File Integrity Monitoring | User Information - Linux #7401

narph · 2023-08-16T08:50:55Z

Similar to Auditbeat's FIM module, our new FIM integration can monitor for file changes, but does not include the user information to capture who modified/accessed the file. This is a significant visibility gap for security analysts and a heavily requested enhancement request.

Research needs to be done to determine how we can capture user information within our FIM integration and any underlying changes required. Can the OS components we rely on today be leveraged or is an underlying change to how we gather FIM data needed?

Meta issue #3310

elasticmachine · 2023-08-16T08:51:06Z

Pinging @elastic/security-external-integrations (Team:Security-External Integrations)

chemamartinez · 2023-09-06T14:30:11Z

I made a first research about the alternatives that I found to get user data for Linux.

Fsnotify

https://github.com/fsnotify/fsnotify

It is currently used by our FIM module for recursivity.
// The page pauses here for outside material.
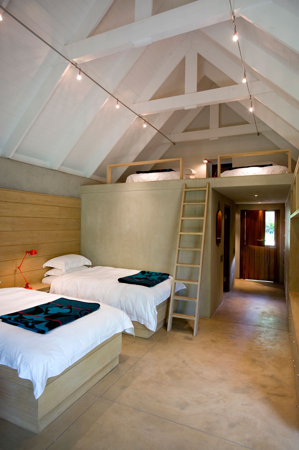 The family has three boys who have been bundled together in a cool, country dormitory setting with a large three-person shower next door. Downstairs a “dungeon” playroom is simply adorned with large family photographs.

Unfortunately, it doesn't support getting user information for now, as is explained in this recent issue.

They are trying to add support for fanotify but it is not ready yet, and seems to be stalled: fsnotify/fsnotify#542

Seems that it is not a valid option for now.

Fanotify

https://github.com/torvalds/linux/tree/master/fs/notify/fanotify

Fanotify is a file access notification system built into the Linux kernel. It's designed to supersede inotify in some use cases, especially those related to FIM, by providing more detailed information and allowing for responses (like blocking actions).
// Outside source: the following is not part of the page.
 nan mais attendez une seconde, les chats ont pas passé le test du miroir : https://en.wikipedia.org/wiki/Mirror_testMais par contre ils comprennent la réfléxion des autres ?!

In 2017, fanotify was very limited:

Compared with inotify, fanotify's assortment of events might feel limited. At present, creating, deleting, and removing events are not supported: You can watch files and directories being opened, accessed, and closed, and that's it. Moreover, mmap() generates no events. Fanotify isn't an inotify replacement; instead, it focuses on cases such as malware scanning and hierarchical storage management.

Source: https://www.linux-magazine.com/Issues/2017/194/Core-Technologies

Support for missing events was added for Linux 5.1, which was released in 2019.
https://man7.org/linux/man-pages/man7/fanotify.7.html
https://kernelnewbies.org/Linux_5.1#Improved_fanotify_for_better_file_system_monitorization

Fanotify seems to be a valid solution to get the user information, it allows to enable a flag FAN_REPORT_PIDFD to get the PID that made the change along with other metadata.

We already have some previous work to include fanotify in FIM, and also there are some external projects that could be interesting to explore such as https://github.com/opcoder0/fanotify. However, it seems that fanotify can lead to reliability issues based on past experiences.

Auditd

https://man7.org/linux/man-pages/man8/auditd.8.html

The Audit daemon is another option since it provides the user information about any change in the monitored file systems. It is also used by other FIM solutions like Wazuh or LogRhythm.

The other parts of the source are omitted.